▸ WORK ORDER: Copy verbatim the span of lines beginning at the line that contains "Modern French design" and ending with the final line of the data. Exclude pictures from the copy.

▸ RECORDED INFORMATION:
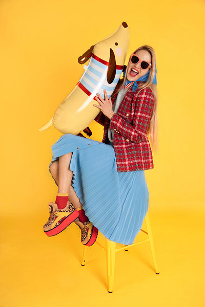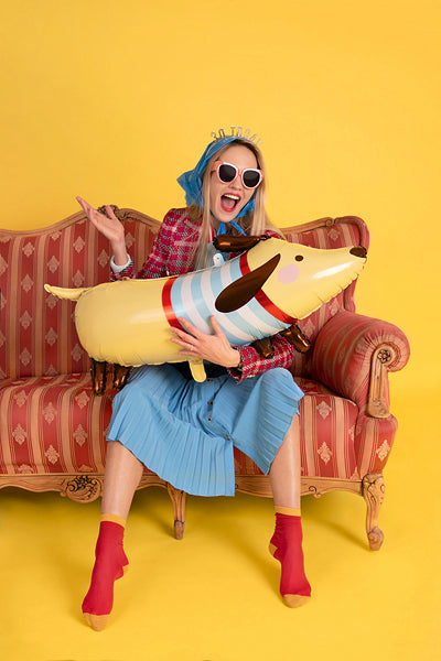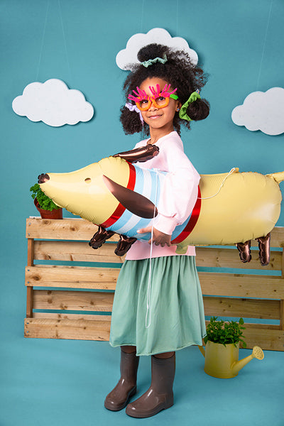 Es eignet sich hervorragend als Dekoration, zum Beispiel für eine Geburtstagsfeier. Mattes Folienballon in Form eines niedlichen Hundes.
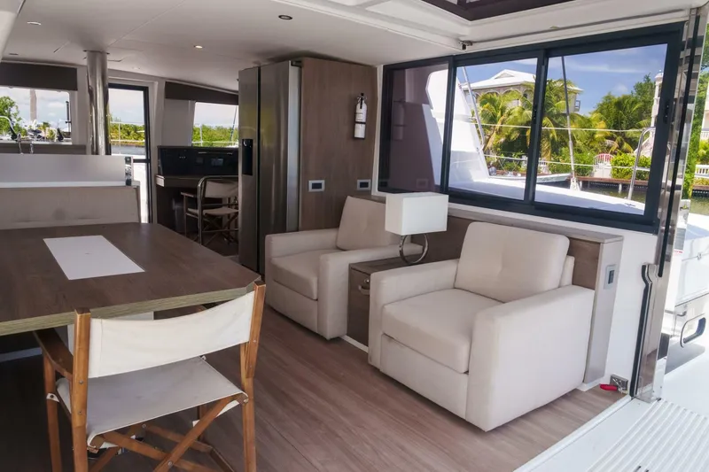 Modern French design featuring the iconic "garage door" system connecting the salon to the aft cockpit, as well as the convenient door opening the galley to the forward cockpit, a feature rarely found on catamaran in her class. Spacious layout with symmetrical configuration featuring 4 cabins, each with private heads and separate shower stalls. Self-tacking jib, panoramic windows, flybridge seating.
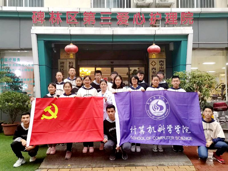 2019级计算机科学与技术1902班同学分为三批,分别在班长文皓彦,团支书杨雪,副班长逄铭杰的带领下前往西安市碑林区第三爱心护理院参加义工志愿服务。

▸ REPLY:
 Modern French design featuring the iconic "garage door" system connecting the salon to the aft cockpit, as well as the convenient door opening the galley to the forward cockpit, a feature rarely found on catamaran in her class. Spacious layout with symmetrical configuration featuring 4 cabins, each with private heads and separate shower stalls. Self-tacking jib, panoramic windows, flybridge seating.
 2019级计算机科学与技术1902班同学分为三批,分别在班长文皓彦,团支书杨雪,副班长逄铭杰的带领下前往西安市碑林区第三爱心护理院参加义工志愿服务。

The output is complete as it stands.